Netflix Family Sitcom: White Cops Pulling Guns on Young Black Boys 'Reality We’re Living In'

A ten-episode series centering around a traditional multi-generational African-American family in Georgia sounds like an interesting idea. The series is heavy on heartwarming family stories and family history. Netflix almost gets it right, too ... until it doesn’t.

On July 10 Family Reunion was released on Netflix. Moses “Moz” McKellen (Anthony Alabi), a retired NFL football player, his wife, Cocoa (Tia Mowry-Hardrict), and their four children visit his parents in Columbus, Georgia, for a family reunion. McKellen’s mother, known as M’Dear (Loretta Devine), is the family matriarch. Moz’s father, Jeb (Richard Roundtree), is a pastor. As their visit progresses, Moz and Cocoa decide that their life as a family would be enriched by living around a large extended family, instead of back in Seattle without family around them.

But in episode 10 titled “Remember When Our Boys Became Men?” the temptation to devolve into the Black Lives Matter narrative was just too strong. When McKellen sons Shaka (Isaiah Russell-Bailey) and Mazzi (Cameron J. Wright), and their cousin Elvis (Lance Alexander) find themselves locked out of the house after a day of mowing lawns to earn money for a new PlayStation, they begin to search for the extra key M’Dear hides on the front veranda. Then two white cops arrive and, with guns drawn, shout at the boys to get on the ground with their hands up. The camera work changes as the youngest, Mazzi, pleads with the officers, his terrified face looking directly into the camera, “Please don’t shoot us!” as one officer points a gun at him - and at the audience.

 

 

Afterwards Mazzi says, "I thought the police are supposed to protect us from bad guys. Why did they think we were the bad guys?" "Because we're black," answers his older sister. She says it's not fair, but Moz says, "I know, sweetie, but it’s the reality we’re living in."

 

 

Not long after, Moz and Cocoa are stopped on their way home by one of the same cops. He questions if Moz has been drinking, as his car was supposedly swerving. Then he mentions that he was suspended for two days without pay because of Moz’s complaint. Cocoa tells him that he was let off easy. He tells them that he is letting them off easy, too. He ends with a threat – “I’ll be watching you.”

After that, Cocoa decides she can’t live with the harassment of their family and tells Moz that they are moving back to Seattle.
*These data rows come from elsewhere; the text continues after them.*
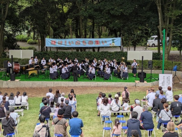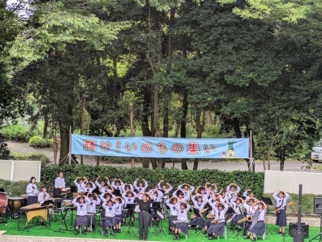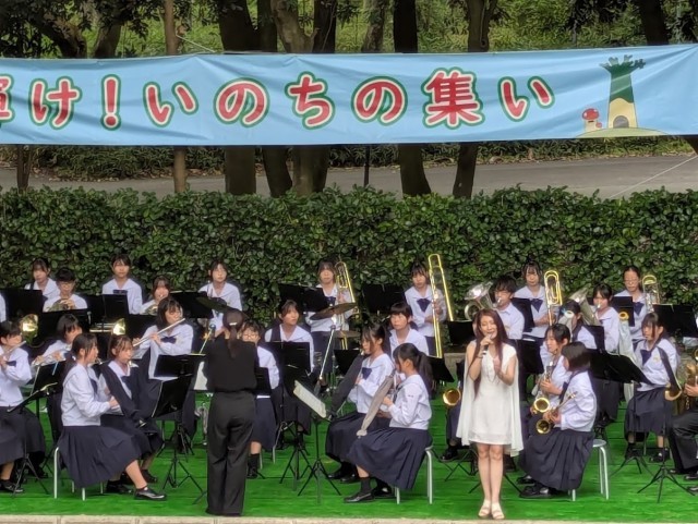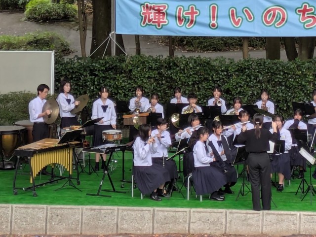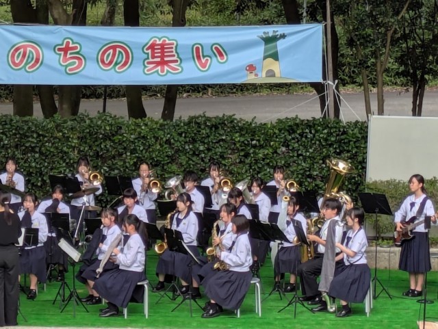 吹奏楽部は、午前にはファミリーパークで行われた「いのちの集い」、午後にはふれあい館で行われた「婦中音楽祭」に出演しました。いのちの集いでは、速中出身の歌手、内生蔵裕希さんとコラボレーションをさせていただきました。1、2年生の初ステージとなった今日ですが、多くの方に聴いていただき貴重な経験になりました。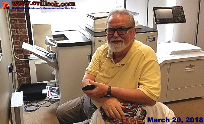 | While I was celebrating putting news about Collinsville online (on cvilleok) for 15 years Tuesday, Bill Johnston was renewing an old tradition as he printed this week's issue of the Collinsville Times Star newspaper in his Collinsville office. As far as I know this was the first newspaper actually printed in Collinsville in over three decades. I don't know the exact date, but am guestimating my Dad (John Wright) stopped printing The Collinsville News locally in about 1986. Newspapers after that date were printed on presses in other communities and brought back to town for distribution. Bill's laser printer is much more modern than the presses I was famillar with and have samples of in the newspaper museum. The print quality is amazing. If you are not already a subscriber, stop by and purchase a copy Thursday, you will be impressed! The very first newspaper was printed in Collinsville on May 11, 1899 by W. L. Wright. -- Ted Wright 3/20/2018 | |||||||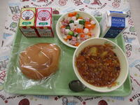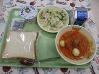 【金曜日】《さつきランチ》食パン、いちごジャム、牛乳、インド煮、干瓢のサラダ、県産ヨーグルト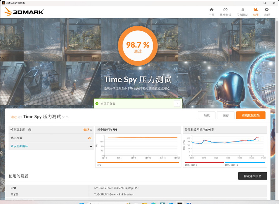 In the Time Spy stress test, the Mechrevo Canglong 16 Ultra achieved a frame rate stability of 98.7% in 20 cycles, showing that the cooling system is quite effective.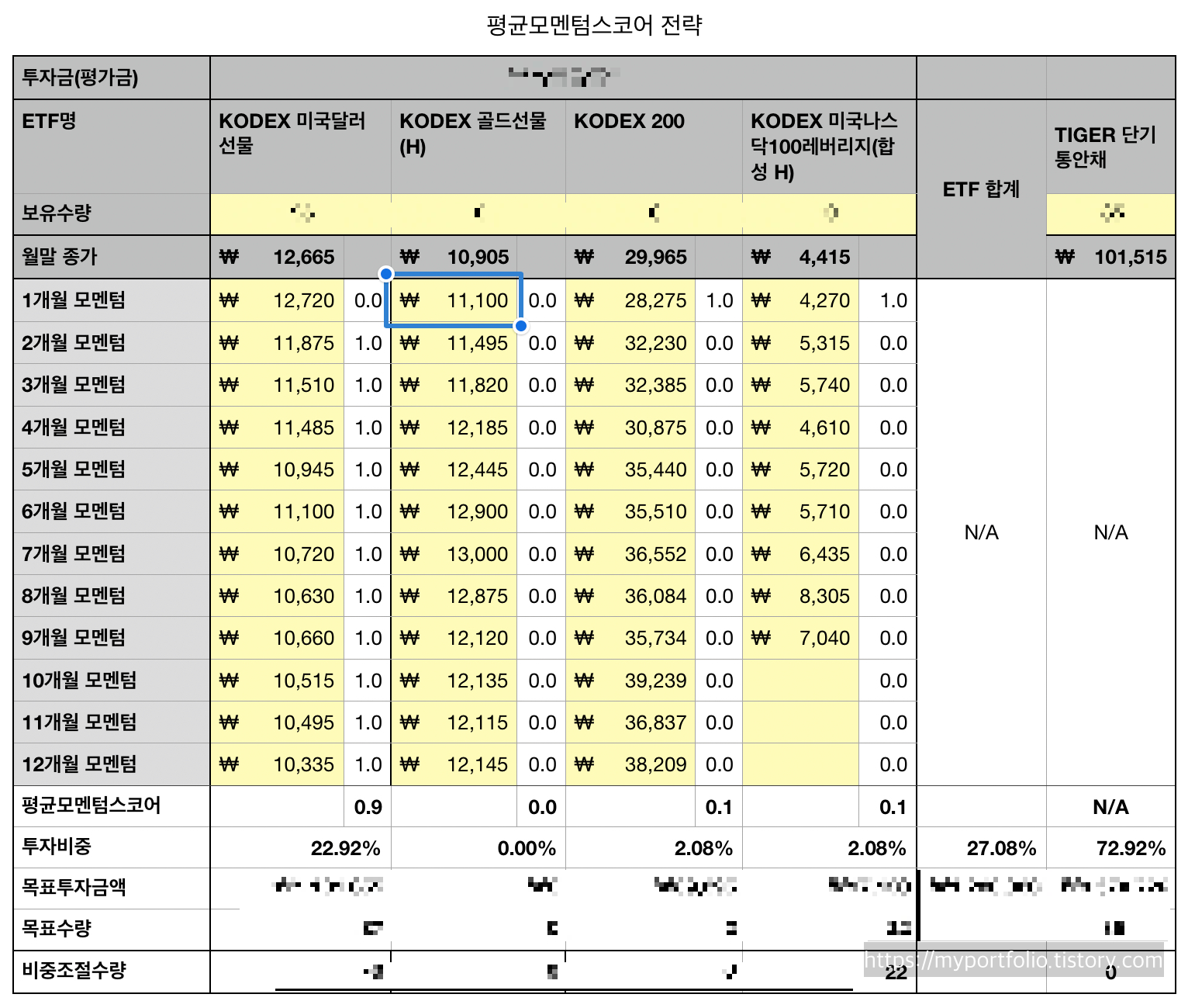 10월 주식시장은 전달 대비 코스피와 코스닥 시장 각각 +6.41%와 +3.37% 상승하며 마감하였다. 9월말 종가 기준으로 KODEX 미국달러선물(H)과 TIGER 단기통안채를 25:75 의 비율로 리밸런싱하였는데 10월 초에 100만원 정도 증액을 하고 다시 동일한 비율로 매수하였다. 지난 한달간 개별 종목들의 추세는 KODEX 미국달러선물(H)의 1개월 모멘텀 하락으로 10월 마지막 날인 오늘 종가 기준으로 비중이 25% → 23%로 축소 되었고 KODEX 200과 KODEX 미국나스닥100레버리지(합성H)는 한달간 모멘텀 상승으로 각기 2.08%씩 신규 진입하게 되었다. 주가가 상승으로 전환하면서 상대적으로 환율은 떨어진 결과다.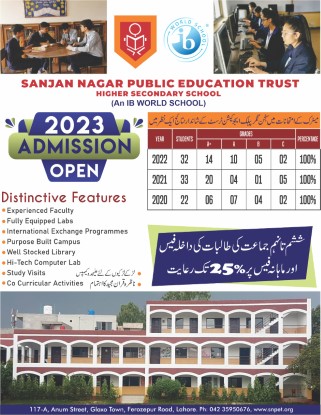 Sanjan Nagar School System (SNSS) is a registered entity with the Education Directorate Government of Punjab.....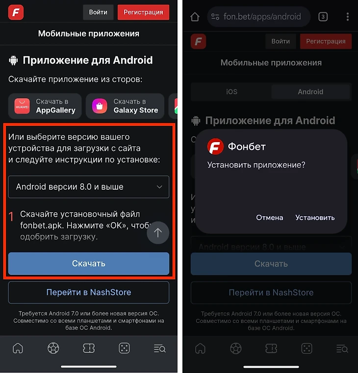 Для загрузки установочного apk-файла с сайта букмекерской конторы «Фонбет», необходимо выполнить следующие действия: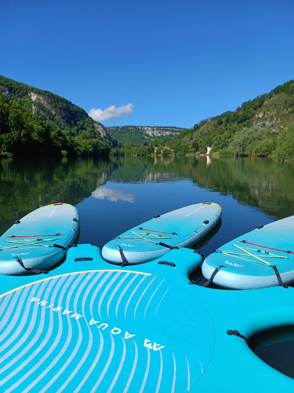 Séance de pilate sur paddle à la base de loisirs de Thoirette-Coisia. Organisée par l'Association l'Apasserelle.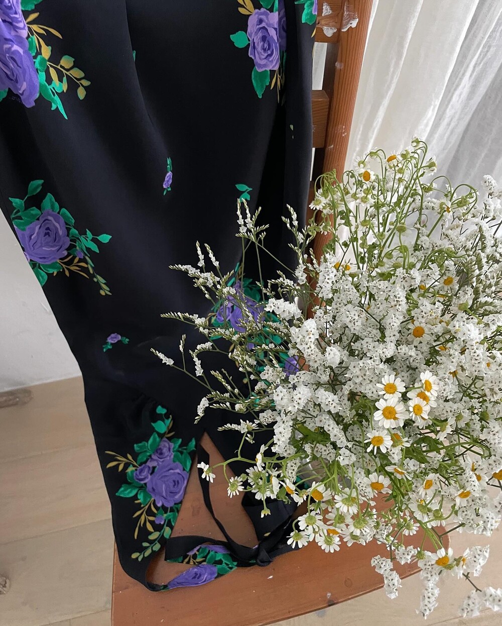 그렇게 탄생한 이 어여쁜 장미. 그 크기에 따라 바디 적재 적소에 놓이면 무드가 훨씬 더 많이 골져스할 것 같아,(특히 이 드레스의 무드에는 필연적으로) 프린트 개체 위치를 고정/통일하여 재단부터 마무리 까지 1:1 핸드메이드로 생산됩니다. 업계 경험자분들은 특히 더 아실거에요. 기성품의 생산 퀄리티가 아니기에 절대 쉽게 진행 할 수 없는 공정이란 것 을요.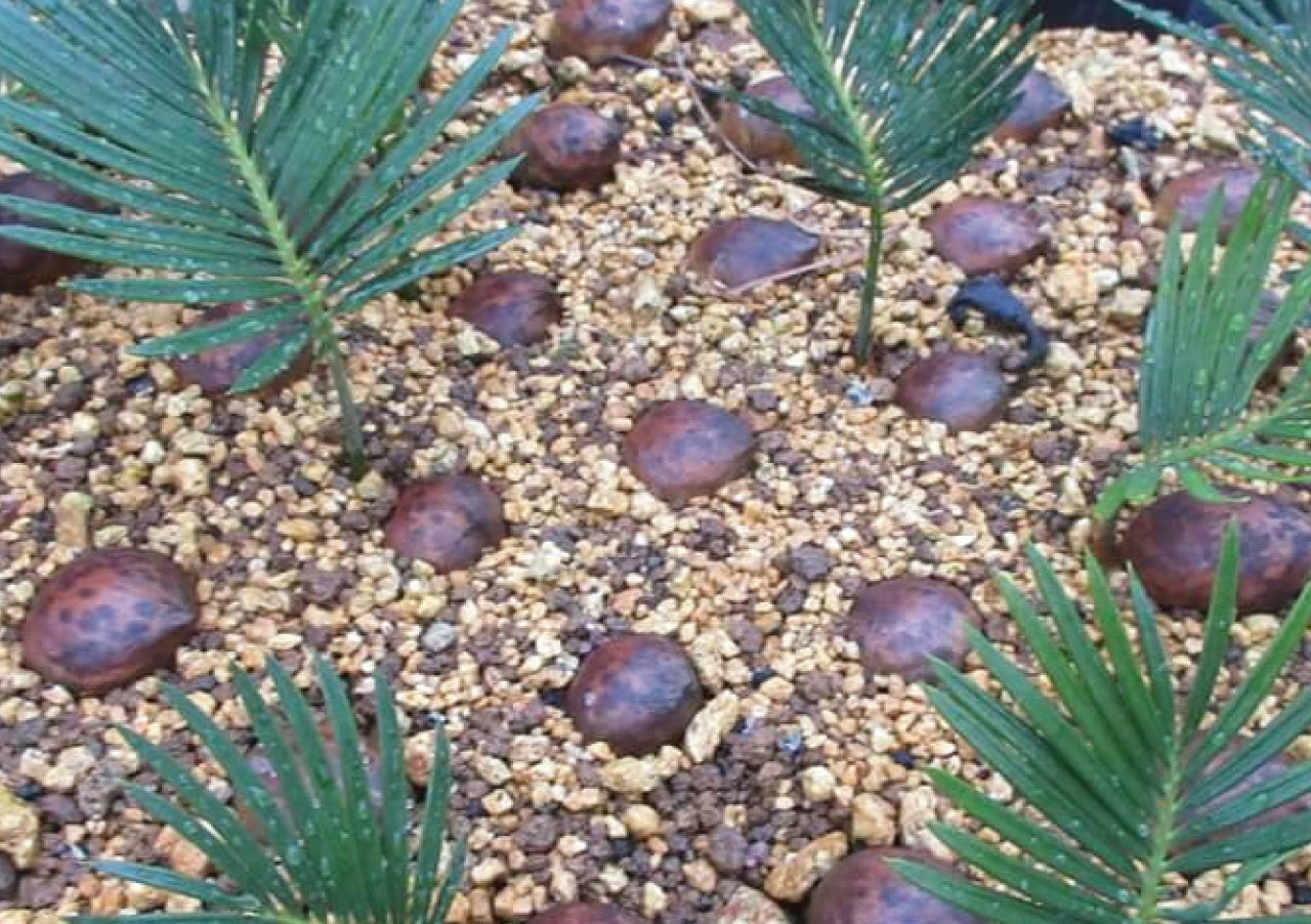 元々は南の国の植物、ソテツ。四季の温度差の激しい関東の風土で育てるためには、この地域で自生するチカラのある種から育てるのが一番。当ファームでは、たくさんの親株から自然に取れる種から、ひとつずつ丁寧に、双葉から育てております。最初の2年間はびっくりするほど可愛らしいままの姿のソテツ。3~4年生になると、ステキなインテリアとして活躍してくれます。
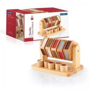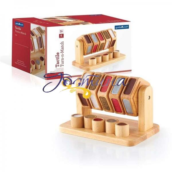 Гра в розвитку тактильних почуттів. П'ять п'ятикутних фігур обертаються на нерухомому стрижні, показуючи різний тактильний матеріал з кожного боку. Можна шукати збіги панелей на дотик ліворуч або змішувати їх, а також грати з фактурними циліндрами. Гра посилює тактильне сприйняття, вміння концентруватися і спільно грати. Можна змішувати і поєднувати текстури, що обертаються, з фактурними циліндрами. У наборі 5 циліндрів і блок, що обертається, з різними текстурами. тканина, лак, наждачний папір та піна EVA. Розвиток: сенсорні навички, координація рук та очей, тактильне сприйняття, вміння концентруватися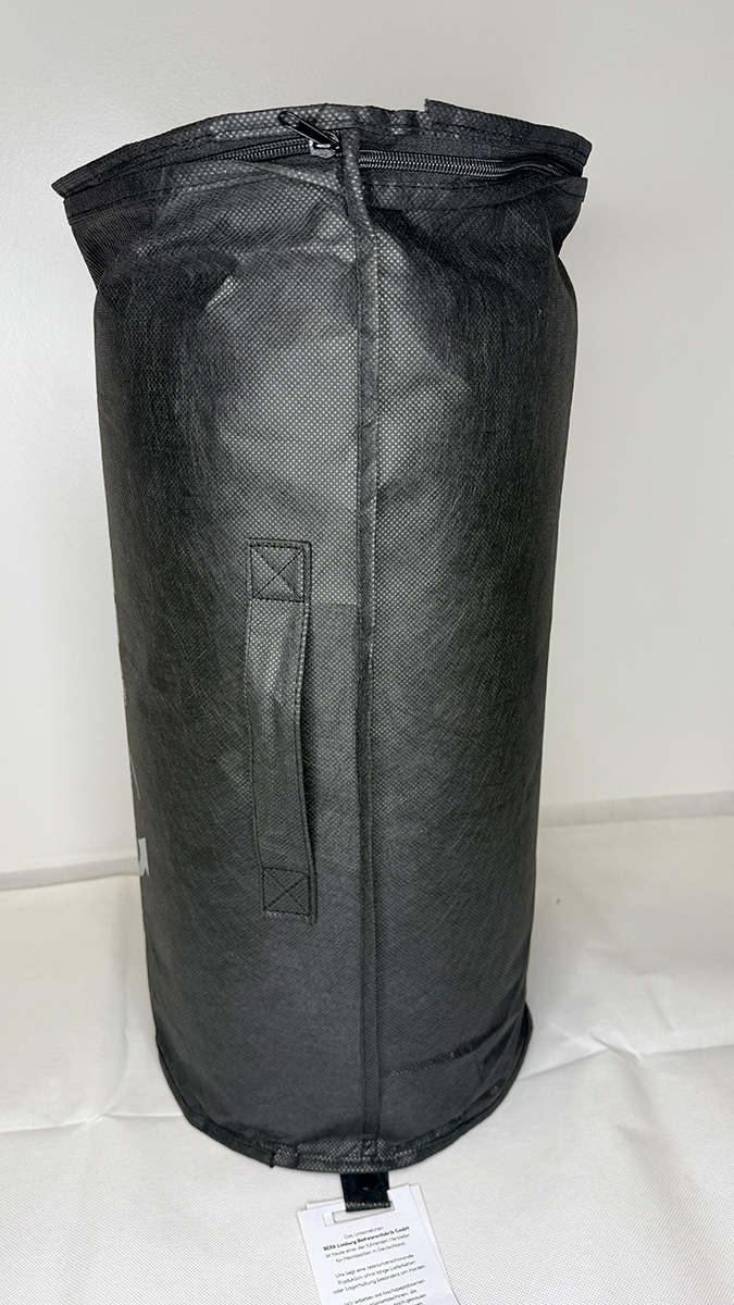 Die BEFA Kamelhaar Bettdecke kam gut und sicher verpackt in einem Karton an. Die Decke an sich befand sich in der praktischen Tragetasche, wie rechts auf dem Bild zu sehen ist. Diese lässt sich mittels eines Reißverschlusses öffnen und gewährt somit ein leichtes und sicheres Herausnehmen der Bettdecke.

With that, part 1 of the show ends on a cliffhanger. Before the credits roll, pictures of Tamir Rice, Trayvon Martin, and Stephon Clark are displayed with the caption, “They could have been our sons…”

 

 

The episode uses a ridiculous assertion that two racist white cops would draw their guns on three young boys in broad daylight while looking for grown men as "the reality we’re living in." White police officers are portrayed as racist, corrupt bullies who are a threat to black families. It's a shame that the series ends on this note. The rest of the episodes were pretty good, especially for Netflix.